Selon l’accusation, cet argent a notamment été en partie versé à un fils de l’ancien président iranien Hachemi Rafsanjani (1989-1997), Mehdi, alors dirigeant de filiales de la société pétrolière nationale iranienne, NIOC, avec laquelle Total a signé le 28 septembre 1997 le contrat relatif à South Pars.

Le tribunal sera cependant peuplé de fantômes.

Christophe de Margerie, qui était alors directeur Moyen-Orient de Total, dont il deviendra quelques années plus tard le PDG, aurait dû être sur le banc des prévenus mais a été tué dans un accident d’avion à Moscou en octobre 2014.

L’intermédiaire iranien Bijan Dadfar, dont la société Baston Associated LTD avait conclu avec Total le contrat de consultance du 14 juillet 1997 et qui devait être jugé pour complicité, est mort récemment de maladie, a déclaré son avocat à Reuters.
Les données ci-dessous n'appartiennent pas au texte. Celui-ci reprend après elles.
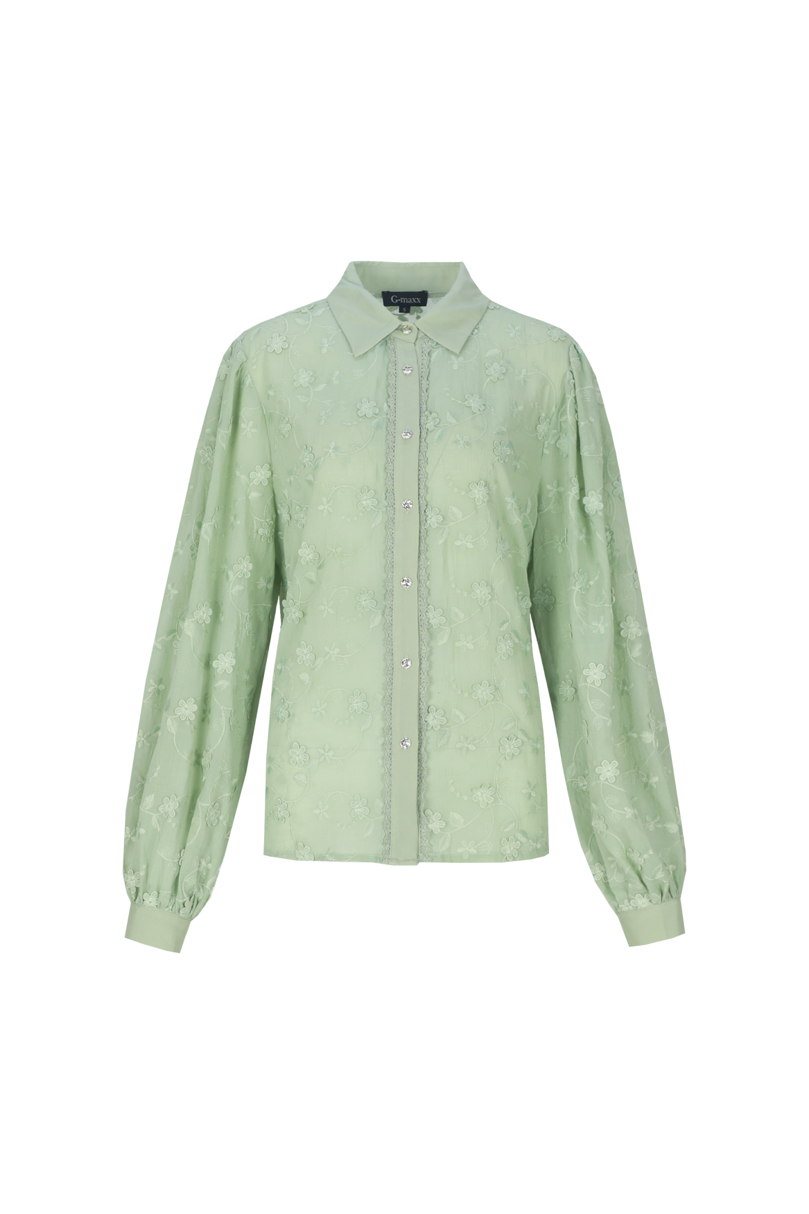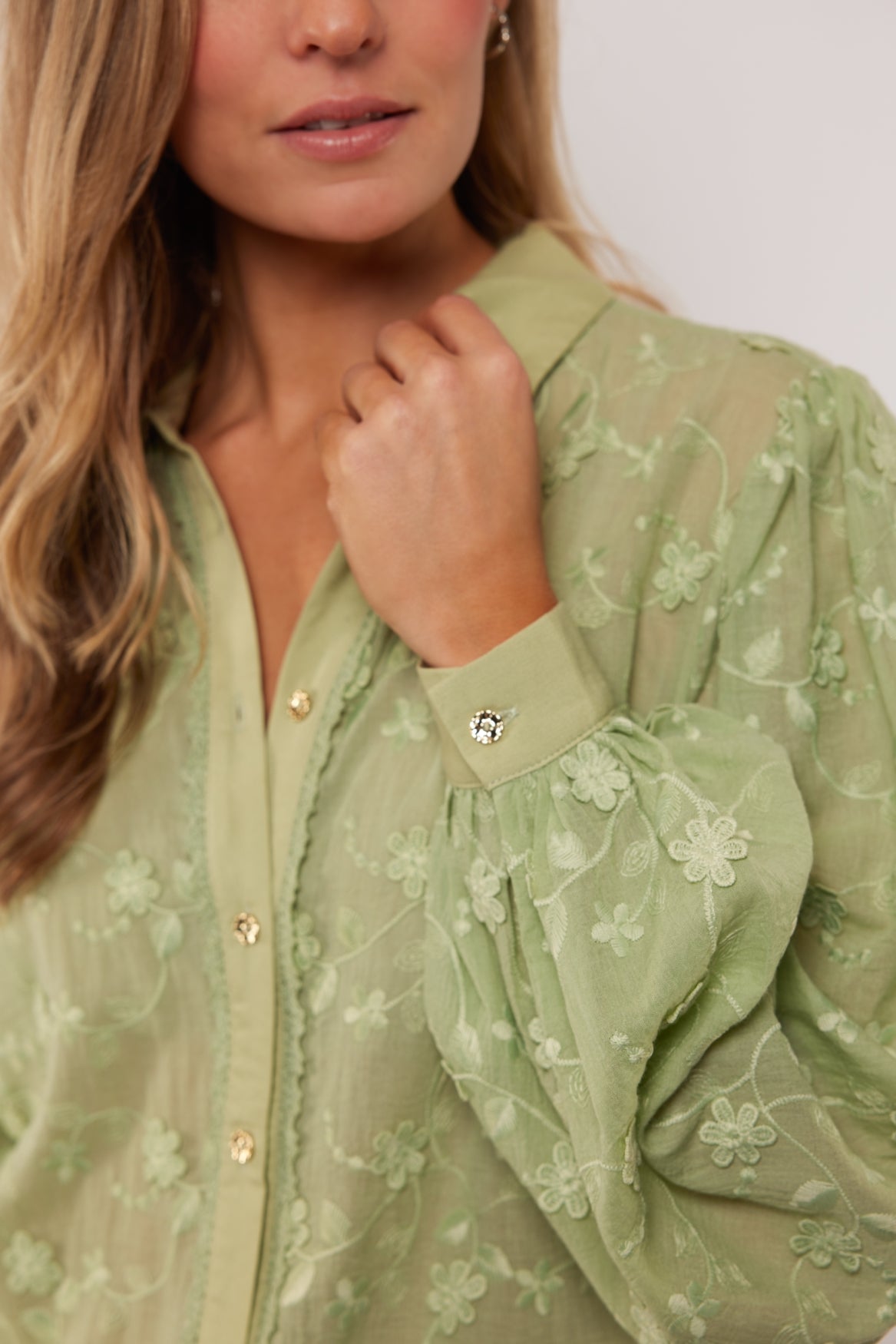 The Julieta blouse exudes refinement and femininity thanks to its sheer fabric with a richly embroidered floral pattern, giving it a luxurious look. The classic collar and button closure create a timeless silhouette, while the subtle details and soft volume of the sleeves create an elegant balance between romantic and modern. This blouse drapes smoothly and feels light and comfortable, allowing it to move effortlessly throughout the day. A stylish piece that can be worn both casually and formally, adding an elegant finishing touch to any look.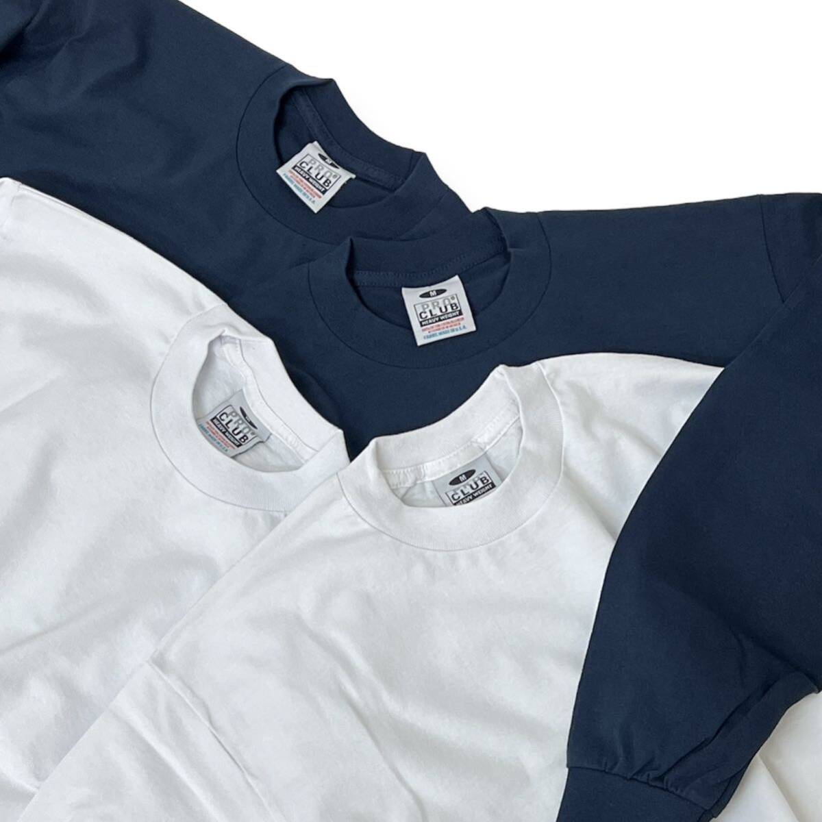 - 訳あり 4枚 PRO CLUB HEAVY WEIGHT 長袖 Tシャツ M プロクラブ ホワイト&ネイビー ロンT 無地 男女兼用 まとめ売り 未使用 #noca0474-FS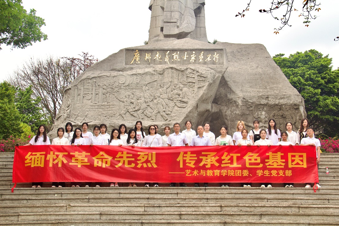 清明节前,艺术与教育学院学生党支部全体党员、入党积极分子以及学院团委部分干部共32人在学生党支部书记谭武的带领下于2024年3月28日赴广州烈士陵园开展了以“缅怀革命先烈 传承红色基因”为主题的缅怀先烈活动,党总支临时负责人叶宜同作为党支部一员参加了此次活动。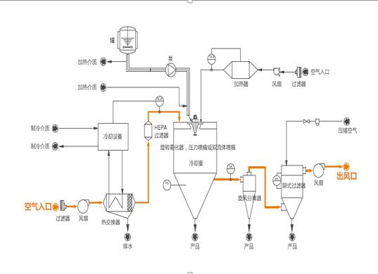 喷雾冷冻干燥机系统由喷雾塔、喷嘴、加热装置、储液槽、过滤系统、阀门、空气过滤、鼓风机、冷冻压缩机、加热系统、旁路管、为喷嘴所提供的喷雾气体等组成

Un autre intermédiaire iranien, également poursuivi pour complicité, Abbas Yazdi, réputé proche de Mehdi Hachemi Rafsanjani, est présumé mort : selon son avocat, il a été enlevé à Dubaï, où ses ravisseurs supposés ont été condamnés, et son corps n’a jamais été retrouvé.

LE PRÉCÉDENT AMÉRICAIN

Il ne reste plus que la personne morale Total, qui devrait être représentée par son ancien secrétaire général Jean-Jacques Guilbaud, conseiller de l’actuel PDG du groupe.

Pendant l’enquête, Total, ses dirigeants et ses conseils ont contesté les accusations de corruption et défendu l’idée que les faits reprochés relevaient du trafic d’influence à l’étranger, alors non réprimé par le droit français.

Cependant, en mai 2013, au moment où le parquet de Paris demandait un renvoi en correctionnel, Total concluait avec les autorités américaines une transaction mettant fin à des poursuites relatives à des faits similaires.

Total avait ainsi accepté de payer 245 millions de dollars au département américain de la Justice et 153 millions à la Commission américaine des opérations de Bourse (SEC).

Les avocats du groupe pétrolier devraient invoquer le principe selon lequel nul ne peut être jugé deux fois pour les mêmes faits et l’incapacité de Total de se défendre en raison des engagements pris dans le cadre de la transaction américaine.

Ce procès, censé durer jusqu’au 19 octobre, peut d’autant plus paraître anachronique aujourd’hui que Total a décidé en août de se retirer du projet South Pars, à la suite des menaces de sanctions de l’administration américaine de Donald Trump de sanctionner les entreprises commerçant avec l’Iran. (Emmanuel Jarry)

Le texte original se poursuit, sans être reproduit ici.